= Exploding trousers =

Phenomenon where trousers burst into flames

In New Zealand in the 1930s, farmers reportedly had trouble with exploding trousers as a result of attempts to control ragwort, an agricultural weed.

Farmers had been spraying sodium chlorate, a government recommended weedkiller, onto the ragwort, and some of the spray had ended up on their clothes. Sodium chlorate is a strong oxidizing agent, and reacted with the organic fibres (i.e., the wool and the cotton) of the clothes. Reports had farmers' trousers variously smoldering and bursting into flame, particularly when exposed to heat or naked flames. One report had trousers that were hanging on a washing line starting to smoke. There were also several reports of trousers exploding while farmers were wearing them, causing severe burns.

The history was written up by James Watson of Massey University in a widely reported article, "The Significance of Mr. Richard Buckley's Exploding Trousers" − which later won him an Ig Nobel Prize.

==On television==
In their May 2006 "Exploding Pants" episode the popular U.S. television show MythBusters investigated the idea that trousers could explode based on the events of New Zealand in the 1930s.
Experimenters tested four substances on 100% cotton overalls:
- a paste comprising a mixture of gunpowder and water;
- a "herbicide from the 1930s" which was sodium chlorate, a potentially explosive herbicide used at the time of the events;
- a "fertilizer from the 1930s" which was ammonium nitrate mixed with a liquid fuel (most likely diesel, as an ammonium nitrate bottle, with the label facing the camera, was in the foreground of the shot, in the presence of a red plastic fuel can on the table);
- gun cotton, the common name for nitrocellulose.

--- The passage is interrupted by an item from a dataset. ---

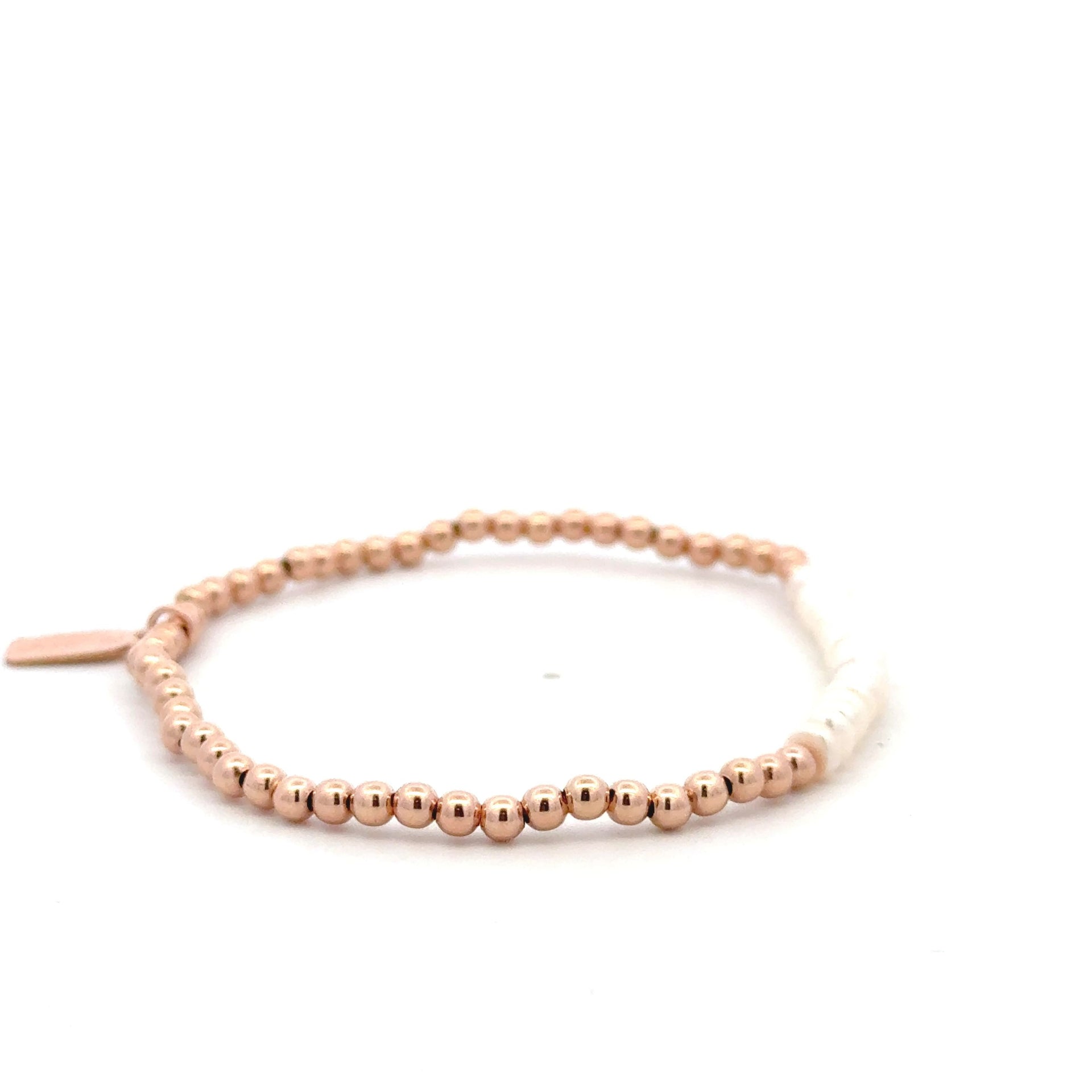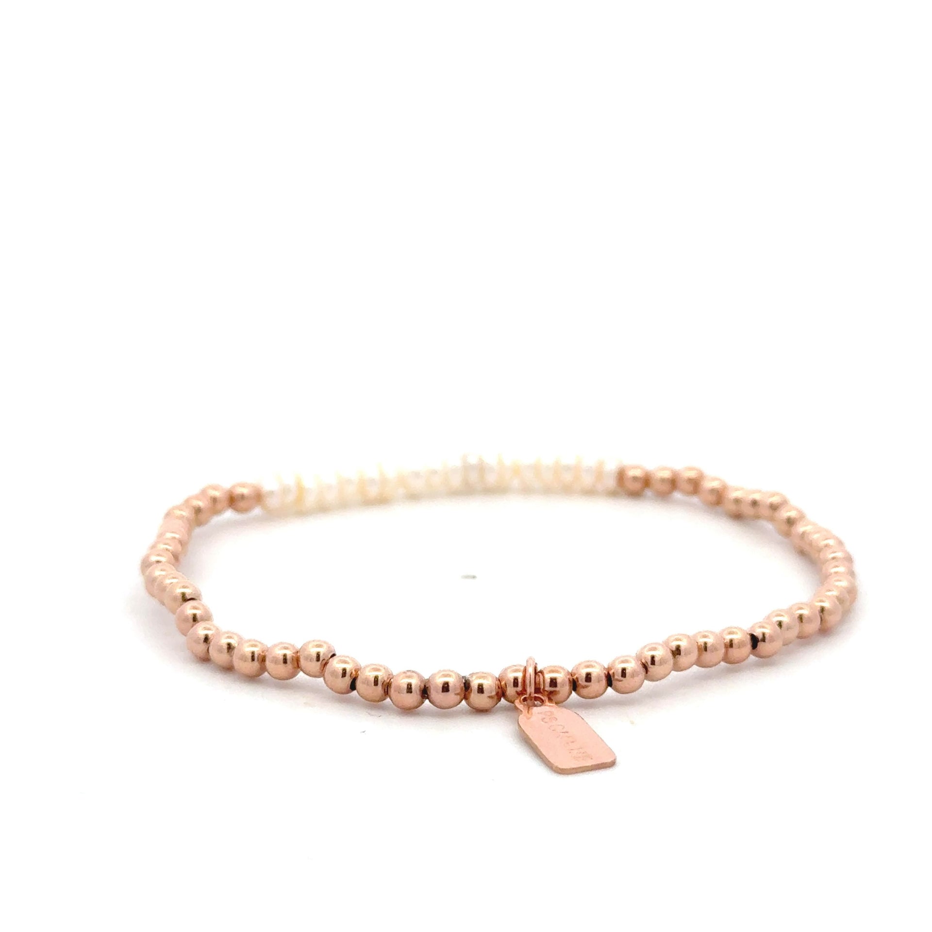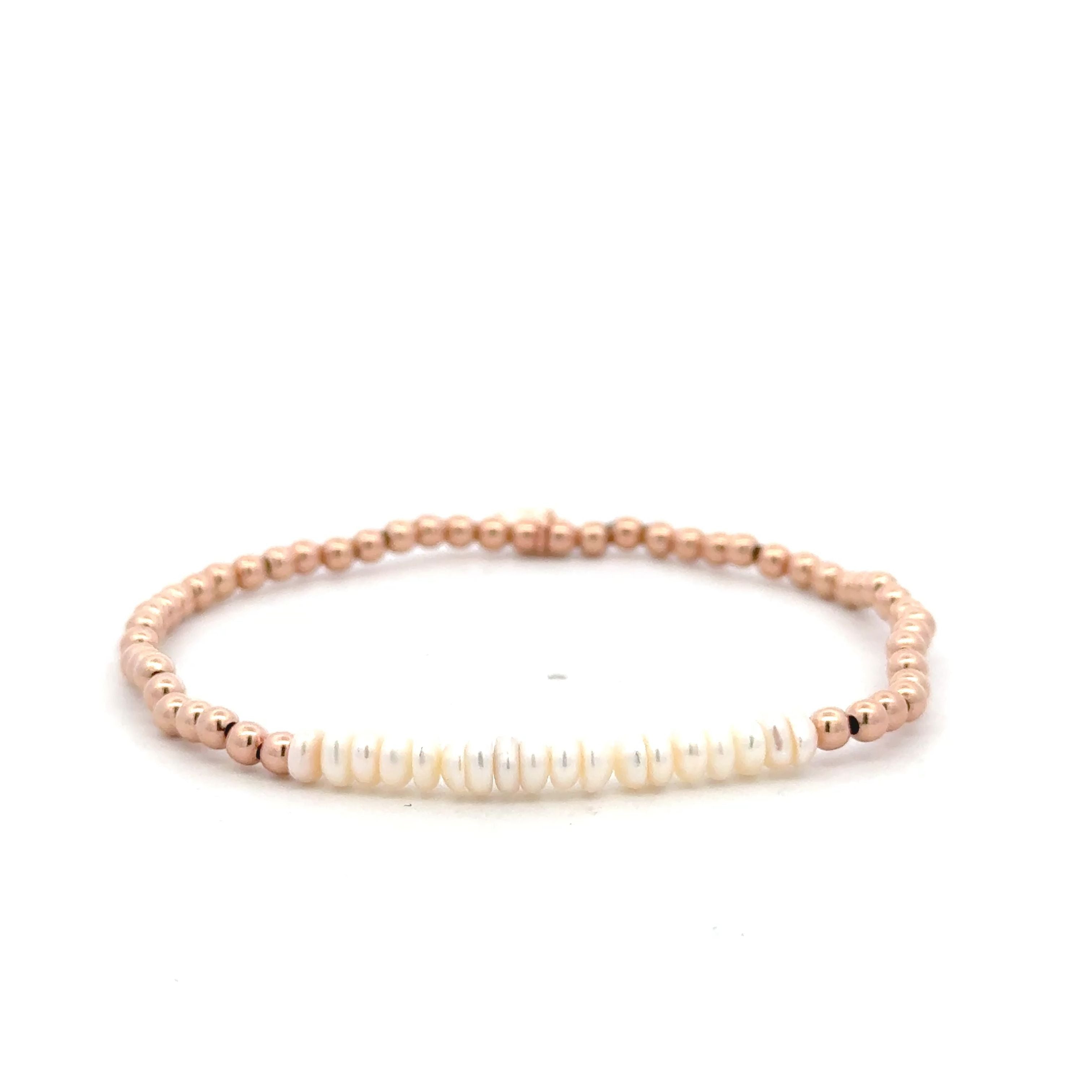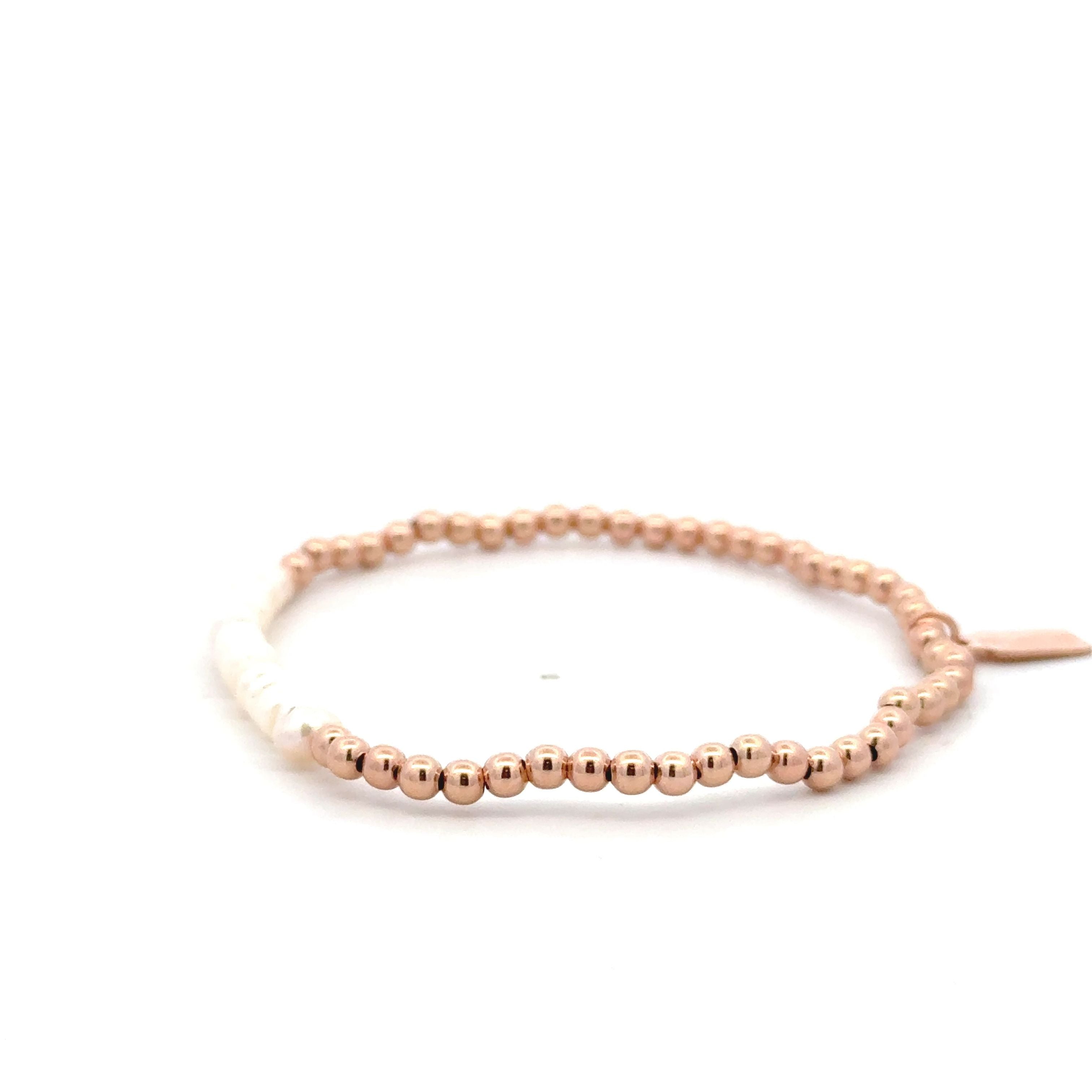 Pulsera elástica con cuentas de color oro rosa y una hilera de piedras de colores.

Each was put to four different ignition methods: flame, radiant heat, friction, and impact. Although not naming "the herbicide" as sodium chlorate, they confirmed that trousers impregnated therewith would indeed vigorously combust upon exposure to flame, radiant heat, and impact, though their friction tests did not cause ignition. However, combustion (i.e. an exothermic chemical reaction between a fuel and an oxidant) is not the same as an explosion, which involves a rapid increase in volume accompanied by the release of energy in an extreme manner (i.e. a shock wave). Even so, a person witnessing such an event (especially if they were wearing the trousers) would likely describe such a sudden event as an explosion.

The tests also revealed that none of the other three substances caused combustion of the trousers, thus indicating that sodium chlorate was probably a cause for the events that occurred.